* _WORK TO COMPLETE_
Transcribe all the data below exactly, leaving its pictures out.

* _DATA EXTRACT_
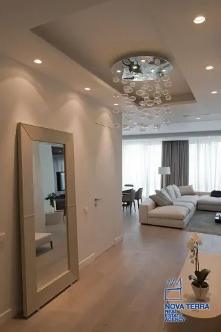 Luxurious apartment on the 4th floor in kato glyfada, fully refurbished and furnished. Open view. Open kitchen (white) with the latest equipment 2 master bedrooms with bathrooms Central AC big balcony with outdoor furniture and tents Elevator Well maintained building Close to shops and restaurants
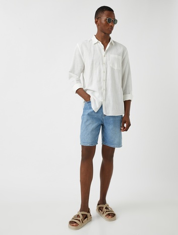 Kot Şort Katlı Paça Detaylı Düğmeli Cepli Pamuklu Sepete Ekle
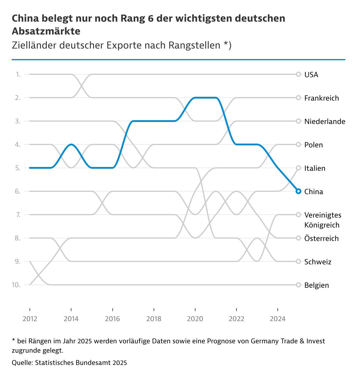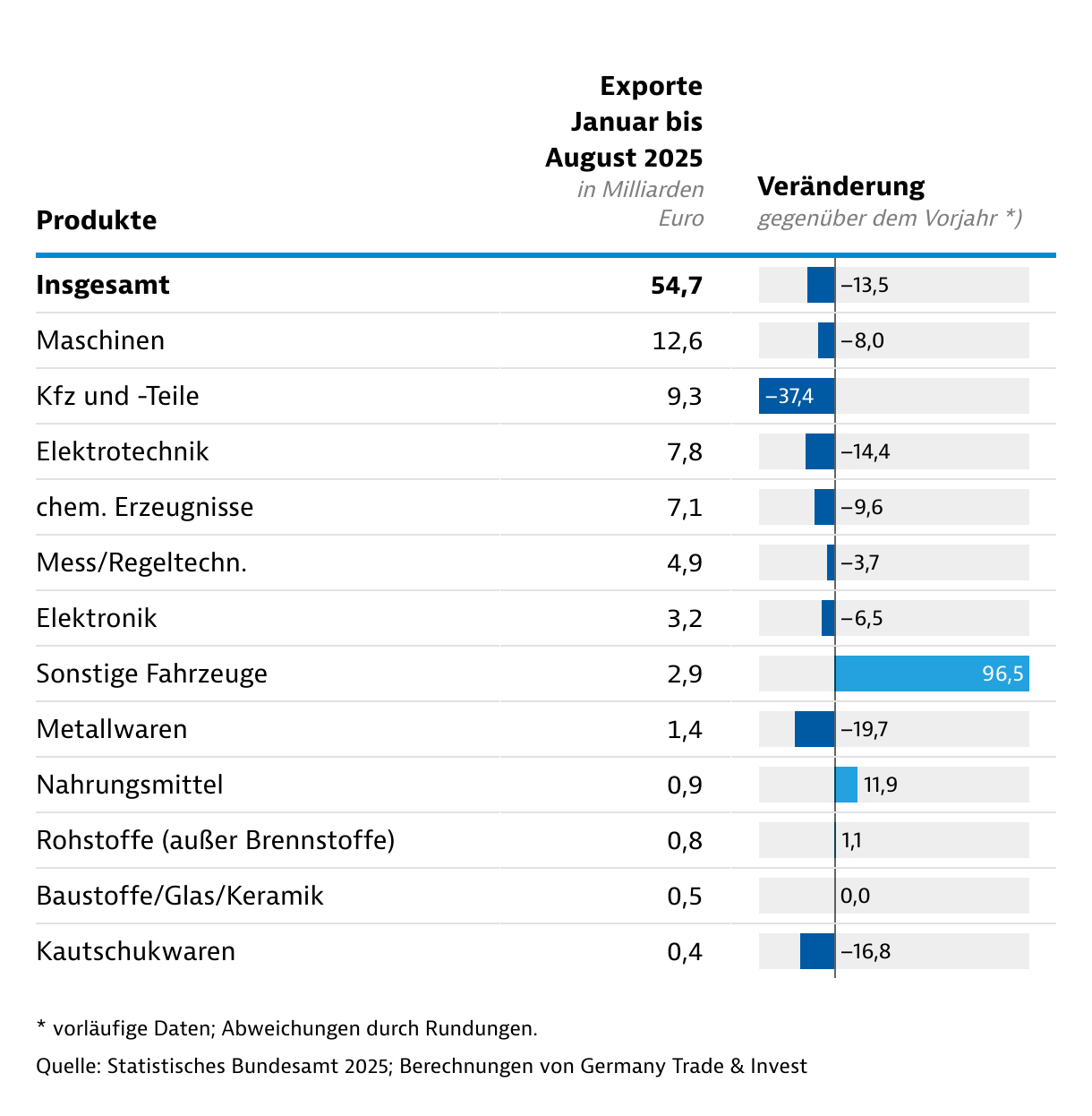 Eine frühere Hochrechnung von Germany Trade & Invest auf Basis der Außenhandelszahlen von Destatis von Januar bis August 2025 kam zu dem Ergebnis:

* _SOLUTION BELOW_
 Luxurious apartment on the 4th floor in kato glyfada, fully refurbished and furnished. Open view. Open kitchen (white) with the latest equipment 2 master bedrooms with bathrooms Central AC big balcony with outdoor furniture and tents Elevator Well maintained building Close to shops and restaurants
 Kot Şort Katlı Paça Detaylı Düğmeli Cepli Pamuklu Sepete Ekle
 Eine frühere Hochrechnung von Germany Trade & Invest auf Basis der Außenhandelszahlen von Destatis von Januar bis August 2025 kam zu dem Ergebnis:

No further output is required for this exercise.